Daphne gets dumped by her fiance for his childhood best friend, which is the kind of sentence you have to read twice. Then, because the universe has a sense of humor, she ends up sharing an apartment with that best friend's jilted ex. Two heartbroken strangers, one lease, one small Michigan lake town that does not offer many exits.
What it's about
Daphne moved to a picturesque resort town for a man who then left her for someone he has apparently loved since grade school. Stranded with a lease and no partner, she moves in with Miles, the only other person in town whose life just detonated in the exact same way. He is her ex's new fiancee's ex. (Read that as many times as you need to.)

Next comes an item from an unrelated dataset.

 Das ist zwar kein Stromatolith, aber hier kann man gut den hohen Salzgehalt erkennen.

What starts as a coping mechanism between two people licking their wounds turns into a fake summer romance, staged partly for the benefit of the people who wrecked them. The trouble with pretending, as anyone who has tried it can tell you, is that summer is long and lake towns are small. The premise runs on a simple engine: two opposites, one shared apartment, a whole season to fill and feelings that refuse to observe the boundaries everyone agreed on.

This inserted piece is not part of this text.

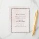The Laced wedding invitation suite features a subtle blush pink watercolor background with a delicate black lace oval surrounding traditional text, a fancy script, and proper etiquette. The suite comes with all additional pieces, including reply cards, reception card, direction enclosures, belly bands, and more. Day-of items, including favour tags, wine labels, napkins, and table numbers are also available. Customise the text and text colours to be any colour you'd like.

Why everyone's talking about it
Emily Henry has become the closest thing contemporary romance has to a sure bet. Her books land on bestseller lists on release day and stay there and this one arrived carrying the goodwill of readers who already trust her banter, her wounded-but-witty leads and her habit of building whole towns you want to move into.
This one is for the reader who wants the fake-dating trope done with actual emotional stakes, who likes a slow burn where the two leads are genuinely funny to each other and who does not mind a heroine rebuilding herself in real time. If you prefer your romance heavy on external plot, spice-forward, or free of the messy interior work of getting over someone, this may feel gentler and more character-driven than you want. It leans into the comfort-read register: warm, talky, seasonal.
The verdict, for now
If Emily Henry is already on your shelf, this is an easy yes and if she is not, this is a friendly place to start. Read it in a hammock, ideally near water, ideally with a cold drink and no plans. The only real risk is finishing it before the summer does.